**Problem to solve**
Please give back only the lines below from the one containing "Champion Big Boys" to the one containing "对于投资者而言,无需时刻关注", each repeated word for word, both ends included.
━━━━━ Source data ━━━━━
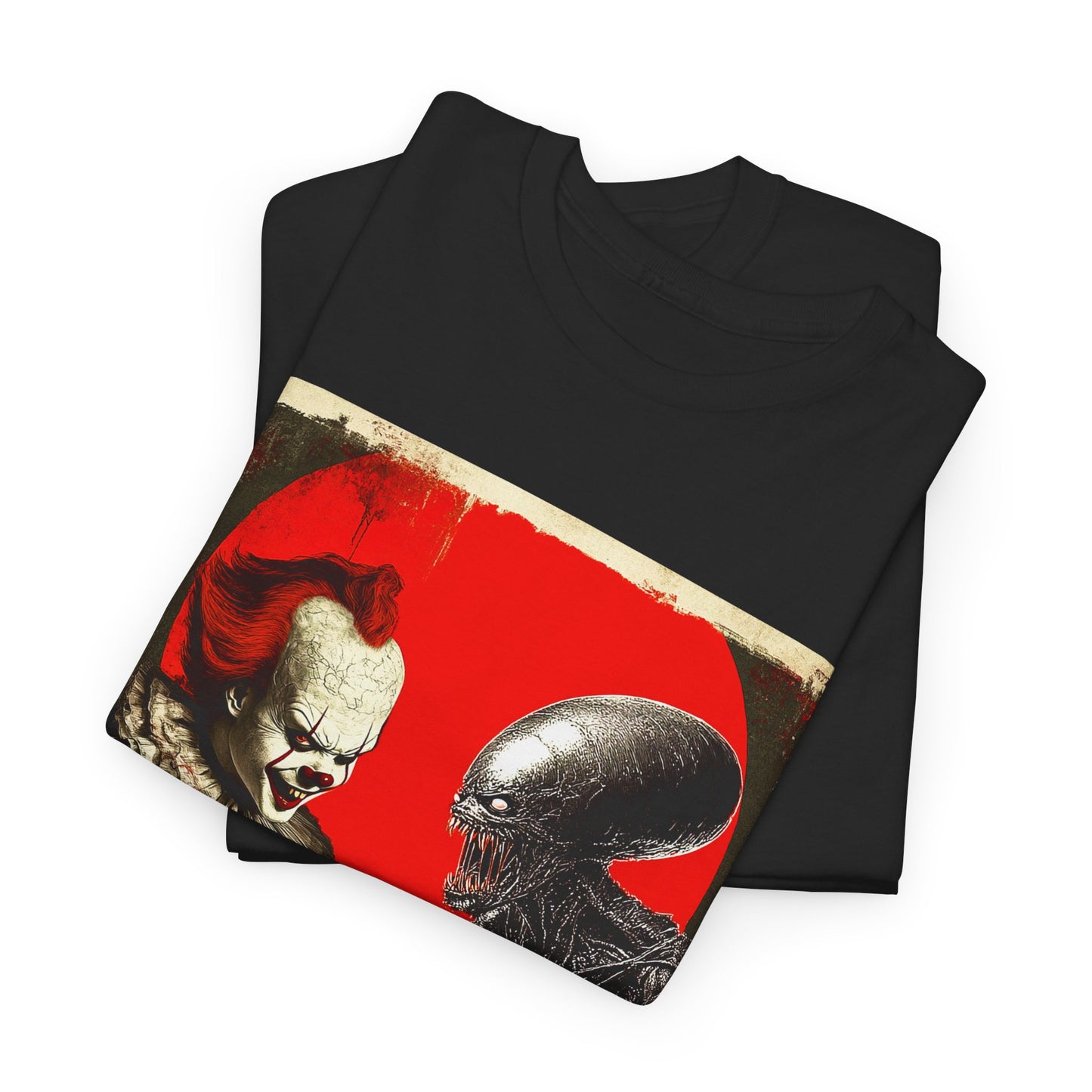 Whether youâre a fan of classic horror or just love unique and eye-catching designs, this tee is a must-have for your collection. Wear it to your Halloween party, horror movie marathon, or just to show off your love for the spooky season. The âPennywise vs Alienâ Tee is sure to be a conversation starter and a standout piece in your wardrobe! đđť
━━━━━
━━━━━ Source data ━━━━━
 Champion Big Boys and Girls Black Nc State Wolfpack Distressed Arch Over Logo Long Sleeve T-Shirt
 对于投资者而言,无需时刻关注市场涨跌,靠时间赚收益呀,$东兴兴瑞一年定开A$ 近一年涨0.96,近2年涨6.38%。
━━━━━
**Completed task**
 Champion Big Boys and Girls Black Nc State Wolfpack Distressed Arch Over Logo Long Sleeve T-Shirt
 对于投资者而言,无需时刻关注市场涨跌,靠时间赚收益呀,$东兴兴瑞一年定开A$ 近一年涨0.96,近2年涨6.38%。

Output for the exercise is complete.